Angus presses Hunt on the issue of reform: when will this happen? Hunt says that public pressure isn't out there, at least not yet.

6:50, one hour in
A commentator named Kathy Tarabolski (sp) from North Thurston asks about the WASL and special needs. What do we do with the students who aren't meeting standards on our state's test, when it seems to be such a poor measure of certain students' abilities?

Hunt questions the questioner: as a teacher, what would you do?

Another teacher talks about the European style, separate "avenues" for those who aren't supposed to be "scholars."

Alexander agrees, saying we need an earlier form of vocational tracking in schools.

Axtell explains that we lost the WAAS-DAW (the WASL alternative) when it was axed by the federal government. Tarabolski seconds this.

Fraser says that we should re-examine how much time, effort, and money is going into

Carmel Berg, White Pass: as a citizen and teacher, how can I get involved to make changes? Did we fail somehow when the WASL first came about?

Fraser: I don't think we anticipated the outcome. The entire educational establishment was for the WASL when it was originally conceived.

Hunt: "The WASL became the canary that ate the cat." HB 1209, the WASL bill, included a list of goals that were meant to be fulfilled concurrently, but weren't.

Betty Hauser speaks again: the test itself isn't the real problem, it's what we do with the test.

Mike, a math teacher, talks about how "wrong-headed" the WASL has been since the beginning. And some other things. His major point: learn about other systems. While he's filibustering, I check out the original WASL bill [pdf]. Those were heady days.

Other teachers talk about how the federal government, especially through NCLB. Will we take a stand against NCLB as a state?

Hunt encourages teachers to start pressuring their legislators en masse. Also, "I'd like to see this reversed" next year, so legislators can listen to a teacher panel. Be careful what you wish for, Representative...

I finally ask my question.
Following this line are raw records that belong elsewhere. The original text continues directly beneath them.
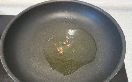 4、热锅凉油,放入适量的植物油,丢几粒花椒爆香。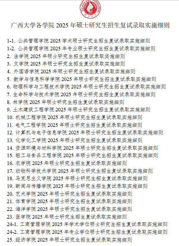 广西大学各学院2025年硕士研究生招生复试录取实施细则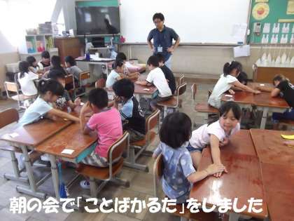 本校では,朝の会で語彙力を増やす取組を入れています。今日の2年生では,専科の先生に入ってもらって,「ことばかるた」をして楽しんで語彙力を増やしていました。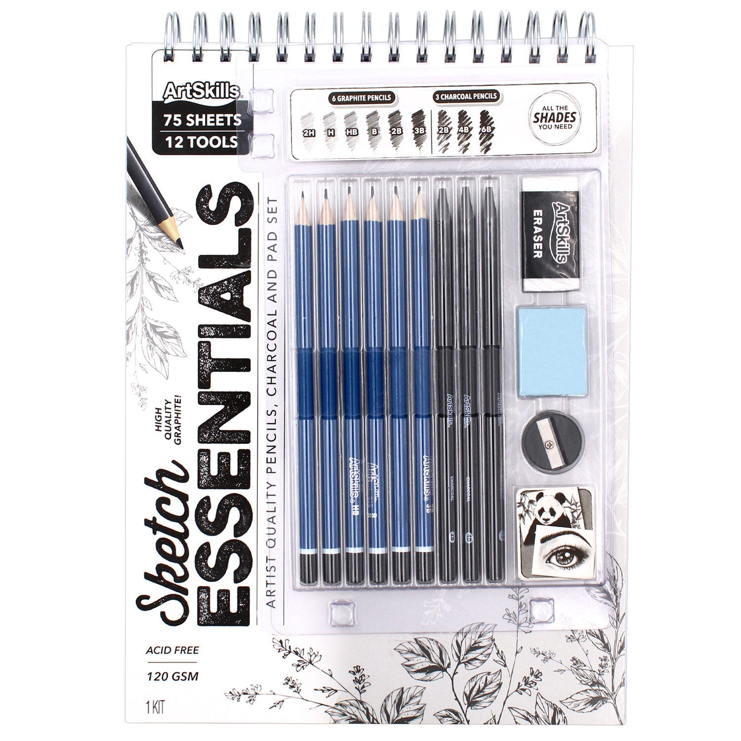 This Artist set has everything you need to learn to draw and sketch. ArtSkills Art Set is great for beginner artists. This Drawing Set has everything you need to learn to draw and sketch. Paper and Pencil Set has artist-quality Graphite Pencils and Charcoals. Pencils and Charcoals are a great medium to help new artists learn to draw fine lines and shading techniques. Our Drawing Kit also includes a 9″ x 12″ Sketchpad, Eraser and Pencil Sharpener. Sketchpad has 75 sheets of acid-free paper. This set makes a creative gift for both adults and kids!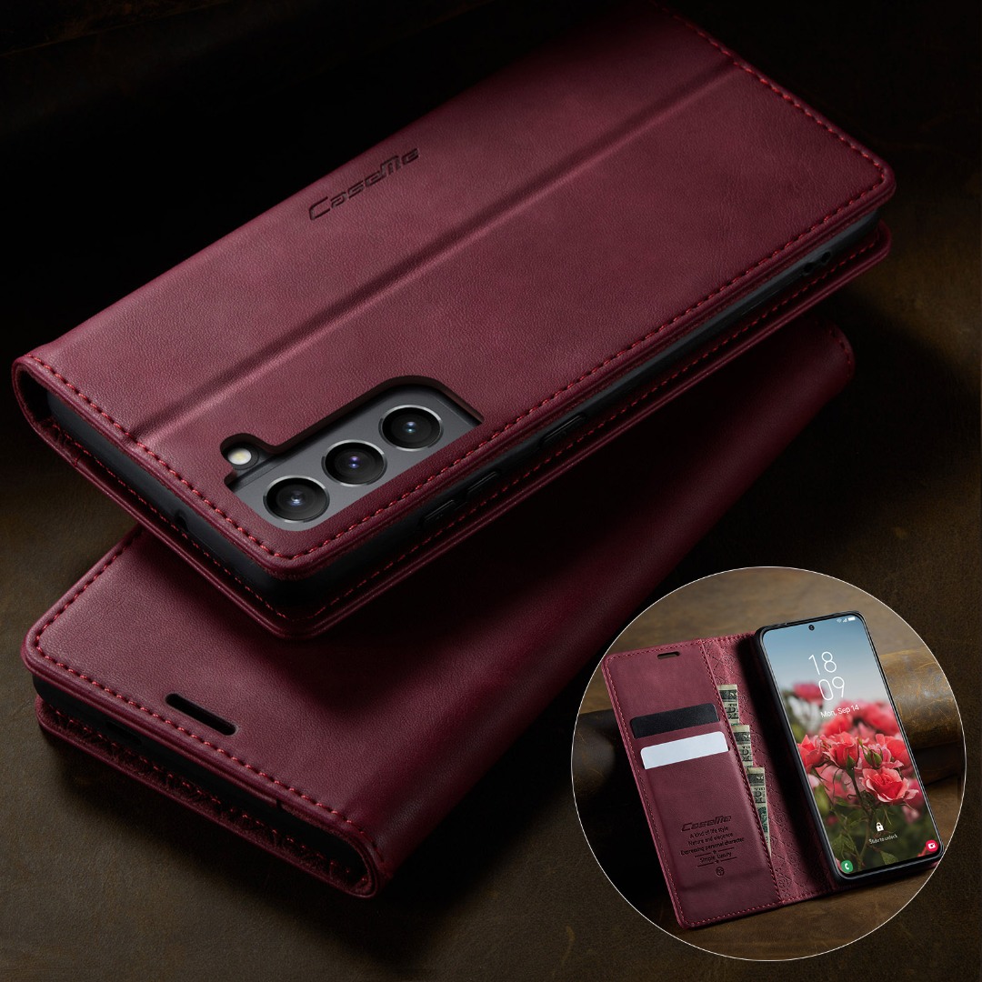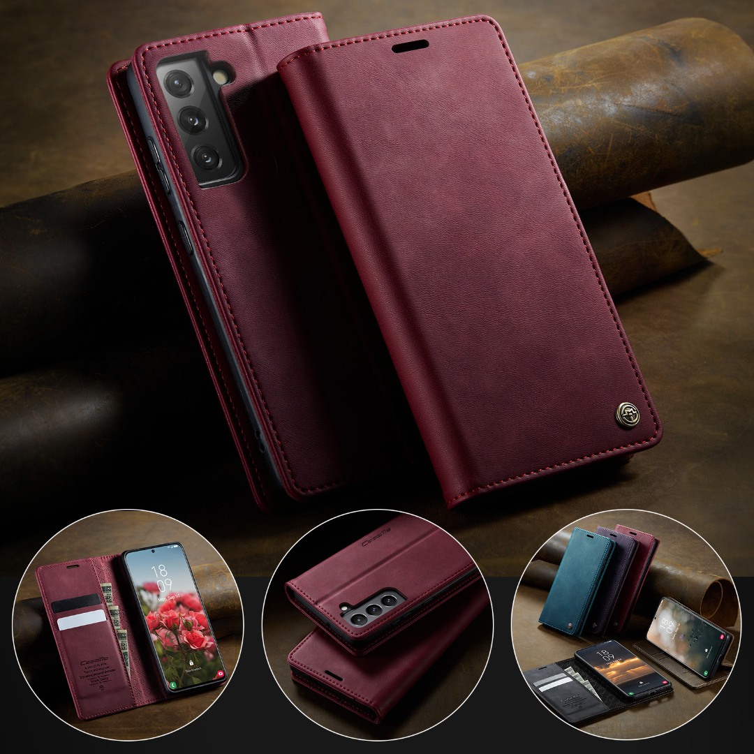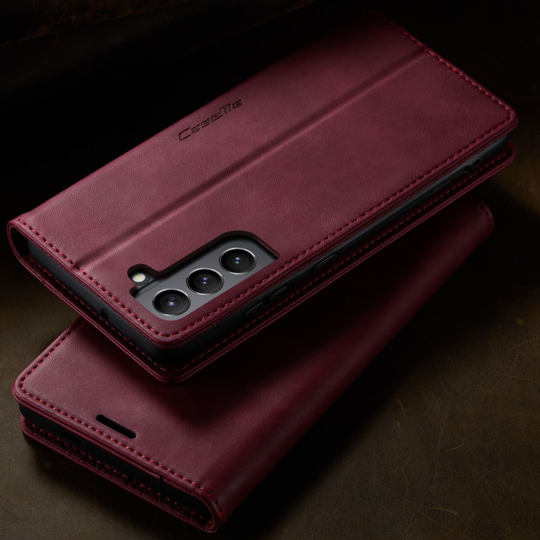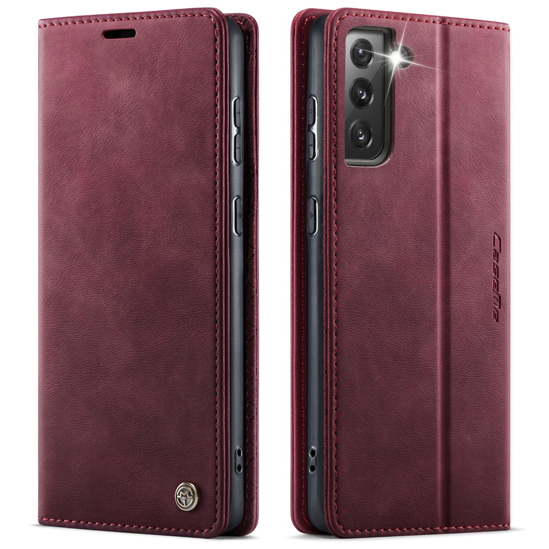 Husa pentru Samsung Galaxy S21 FE - Slim tip portofel, cu stand si inchidere magnetica – textura neteda, aderenta sigura, usor de curatat, design curat si minimalist, CaseMe, Rosu burgundy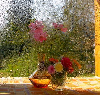 , улыбаюсь...на террасе поставила зеркало и в нем отражение участка..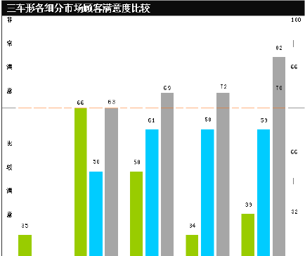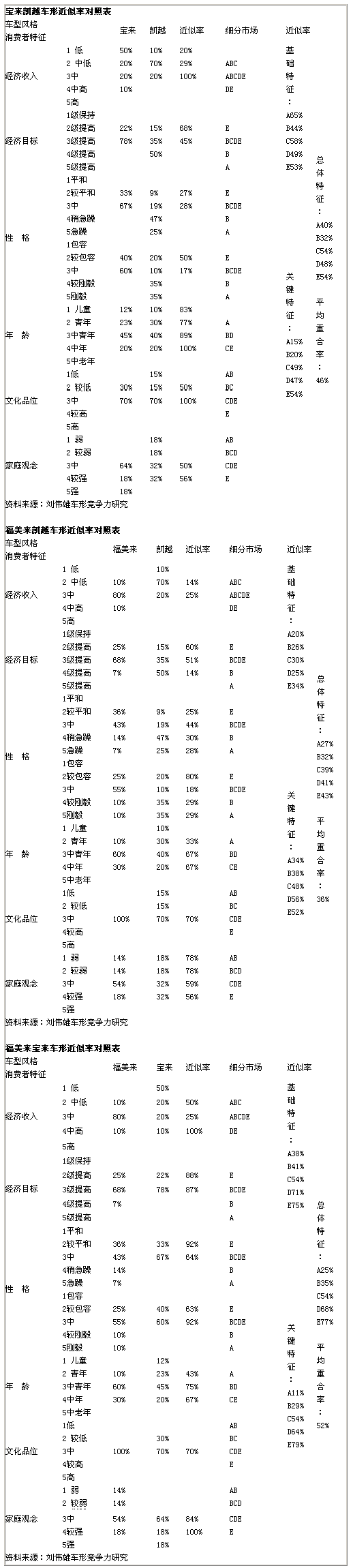 60%有三分之一的距離。從這些近似率數(shù)據(jù)表明,寶來與福美來在車形風(fēng)格方面對于A類細(xì)分市場而言未構(gòu)成較為直接的競爭關(guān)系。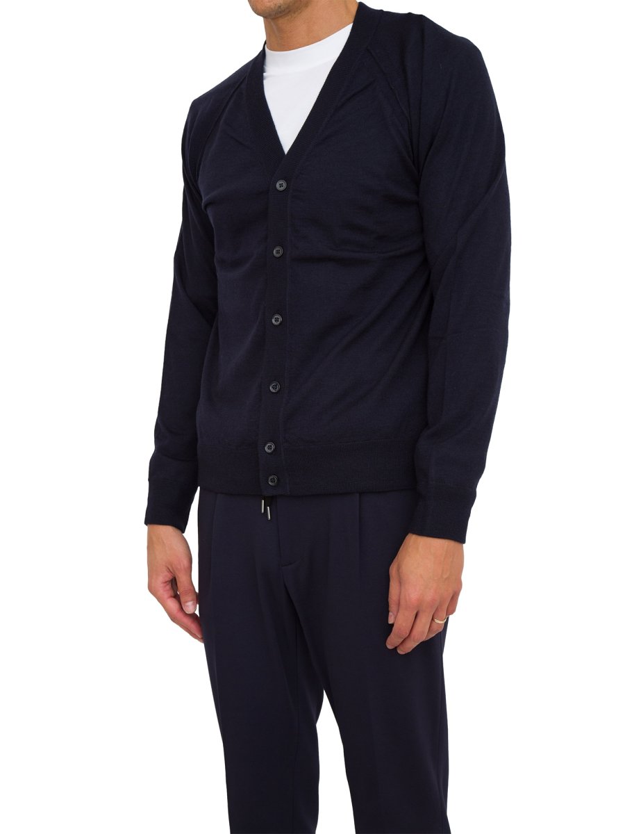 Cardigan da uomo Paolo Pecora realizzato in lana, maniche lunghe, lavorazione a maglia fine, profili a coste, orlo dritto a coste, regular fit e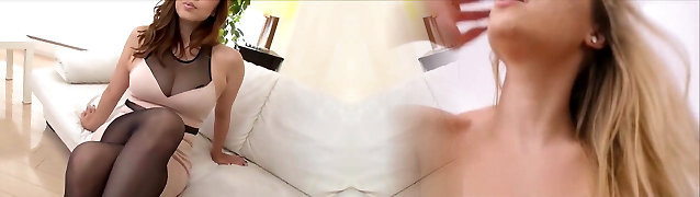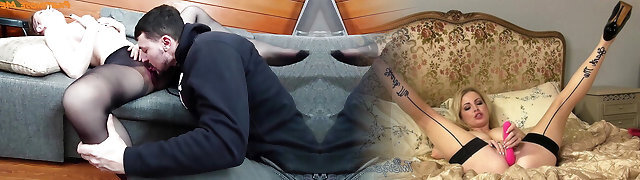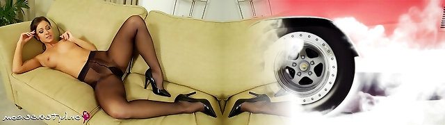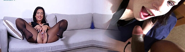 dunkelhaarige milf ava streichelt schwarze strümpfe auf ihrer couch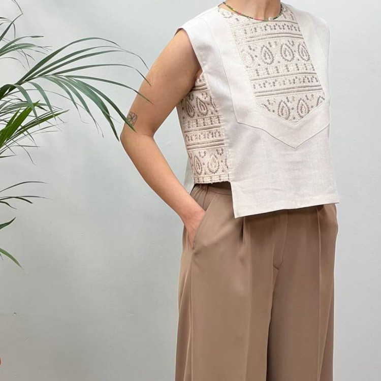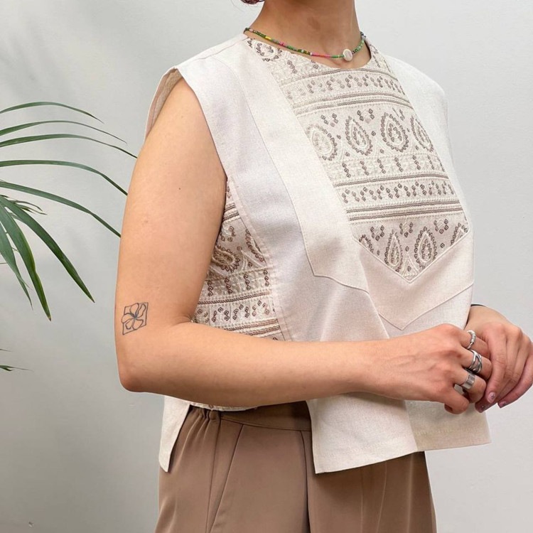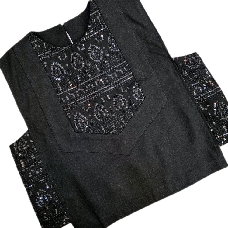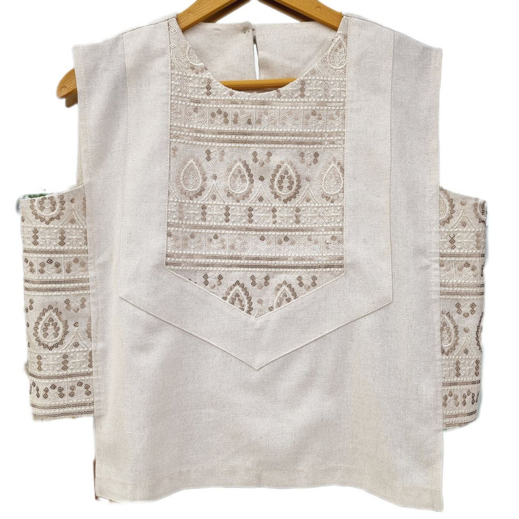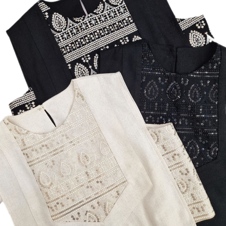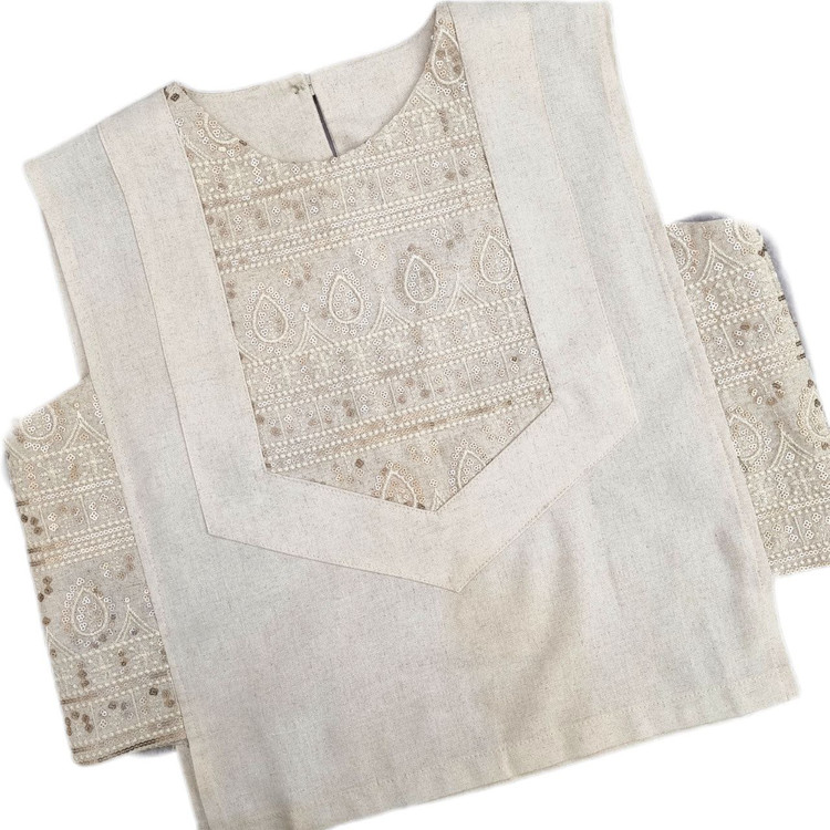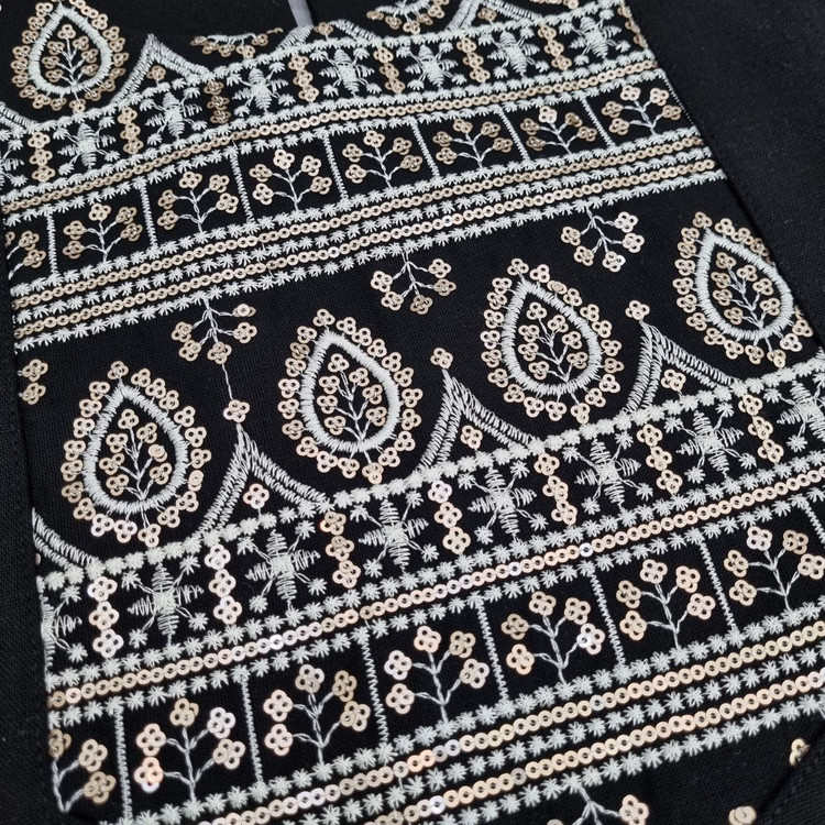 جنس لینن با خرجکار هندی، سوزندوزی و پولک دوزی

No one committed yet; Hunt "hasn't met" Rich Semler, and has no current endorsement in the upcoming. "That's a good question for all of you," he says. "We're on it," Axtell responds. Later, she talks about how the WEA went out searching for a fresh face for OSPI, but couldn't find anyone. Is Semler going to cut it? Will someone else step up? Or is Bergeson a lock?

And we're done. I'll wrap up in a little while, once I've had time to reflect and check a few quotes on my voice recorder.


Emmett said...

Confusing Sam Hunt and Gary Alexander. Uhh... Yes, you are the only one.

Good lord, all older white guys look the same to you?

Jim Anderson said...

Well, they all wear those white and red suits and have bellies that shake like a bowl full of gelatin. Makes it pretty tough.

Ryan said...

Sounds like an interesting event.

I emphasize with your frustration towards the WF West teacher who went on and on and on. I was at a meeting a few weeks ago where we had a teacher who couldn't shut up about her district cutting back on recess. The purpose of the meeting was to talk about ed finance, and we probably spent 20 minutes on a recess situation. That was teh suck.